- [YOUR INSTRUCTIONS]: Return verbatim the lines that run from the one holding "2.3.1分支箱外殼選用S3" to the end of the listing, both ends included, without the pictures.

- [DATA TO USE]:
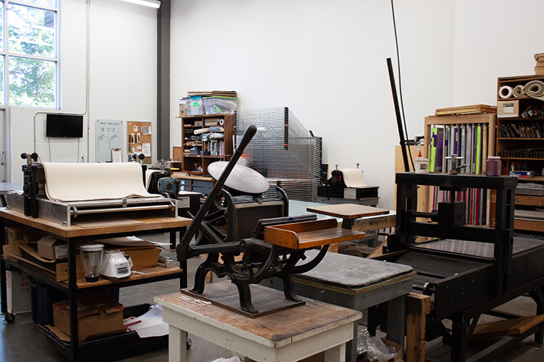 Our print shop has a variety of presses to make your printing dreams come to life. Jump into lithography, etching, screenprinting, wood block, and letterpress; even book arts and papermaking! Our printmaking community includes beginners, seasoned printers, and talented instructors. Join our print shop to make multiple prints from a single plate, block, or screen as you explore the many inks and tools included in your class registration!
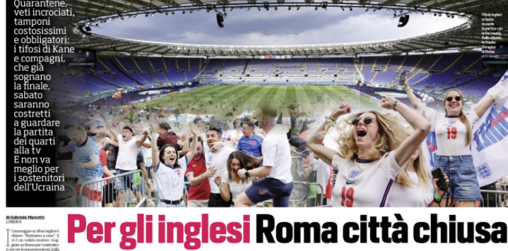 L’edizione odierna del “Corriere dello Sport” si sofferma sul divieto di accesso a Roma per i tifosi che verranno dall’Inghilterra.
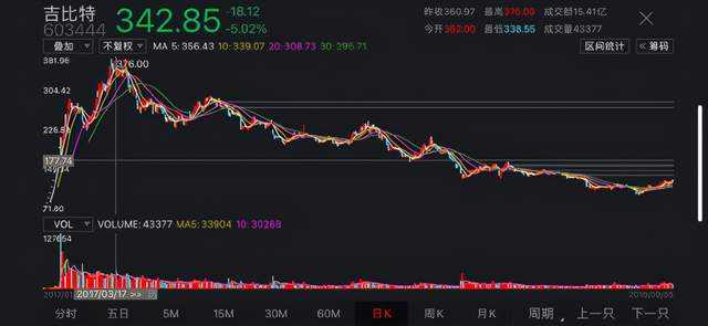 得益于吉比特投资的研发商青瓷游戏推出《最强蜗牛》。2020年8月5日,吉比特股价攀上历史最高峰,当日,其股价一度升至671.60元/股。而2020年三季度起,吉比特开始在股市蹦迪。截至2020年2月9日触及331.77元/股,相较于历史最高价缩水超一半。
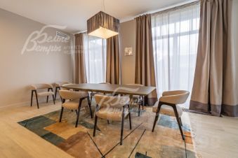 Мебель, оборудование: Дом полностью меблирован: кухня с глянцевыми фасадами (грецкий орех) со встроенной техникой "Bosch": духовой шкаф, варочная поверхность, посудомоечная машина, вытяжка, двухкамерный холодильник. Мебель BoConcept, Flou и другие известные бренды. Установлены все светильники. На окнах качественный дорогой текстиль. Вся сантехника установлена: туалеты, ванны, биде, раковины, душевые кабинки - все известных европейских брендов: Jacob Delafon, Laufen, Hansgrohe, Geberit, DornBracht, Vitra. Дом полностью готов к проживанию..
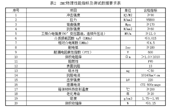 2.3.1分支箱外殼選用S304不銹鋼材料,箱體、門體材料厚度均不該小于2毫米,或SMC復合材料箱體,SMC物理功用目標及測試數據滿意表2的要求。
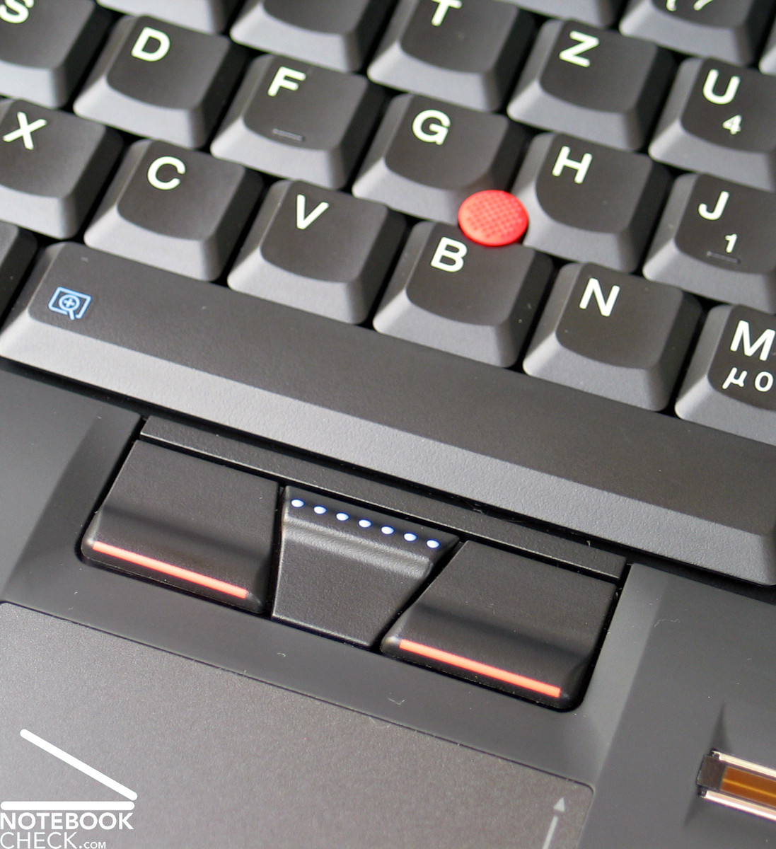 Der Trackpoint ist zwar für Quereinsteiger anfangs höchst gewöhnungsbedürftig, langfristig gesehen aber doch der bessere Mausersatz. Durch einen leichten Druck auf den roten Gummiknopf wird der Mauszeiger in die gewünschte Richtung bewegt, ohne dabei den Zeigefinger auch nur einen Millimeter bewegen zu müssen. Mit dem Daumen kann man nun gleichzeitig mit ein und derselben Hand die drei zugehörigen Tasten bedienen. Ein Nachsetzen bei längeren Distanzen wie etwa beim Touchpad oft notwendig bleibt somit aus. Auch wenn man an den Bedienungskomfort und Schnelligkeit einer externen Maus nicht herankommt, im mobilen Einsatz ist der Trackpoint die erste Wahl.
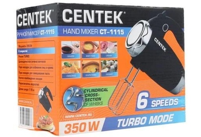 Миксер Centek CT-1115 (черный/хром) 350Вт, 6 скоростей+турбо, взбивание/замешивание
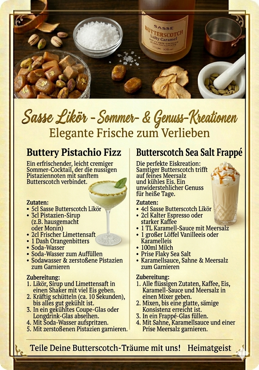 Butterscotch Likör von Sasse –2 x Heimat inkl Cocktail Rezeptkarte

- [WRITTEN ANSWER]:
 2.3.1分支箱外殼選用S304不銹鋼材料,箱體、門體材料厚度均不該小于2毫米,或SMC復合材料箱體,SMC物理功用目標及測試數據滿意表2的要求。
 Der Trackpoint ist zwar für Quereinsteiger anfangs höchst gewöhnungsbedürftig, langfristig gesehen aber doch der bessere Mausersatz. Durch einen leichten Druck auf den roten Gummiknopf wird der Mauszeiger in die gewünschte Richtung bewegt, ohne dabei den Zeigefinger auch nur einen Millimeter bewegen zu müssen. Mit dem Daumen kann man nun gleichzeitig mit ein und derselben Hand die drei zugehörigen Tasten bedienen. Ein Nachsetzen bei längeren Distanzen wie etwa beim Touchpad oft notwendig bleibt somit aus. Auch wenn man an den Bedienungskomfort und Schnelligkeit einer externen Maus nicht herankommt, im mobilen Einsatz ist der Trackpoint die erste Wahl.
 Миксер Centek CT-1115 (черный/хром) 350Вт, 6 скоростей+турбо, взбивание/замешивание
 Butterscotch Likör von Sasse –2 x Heimat inkl Cocktail Rezeptkarte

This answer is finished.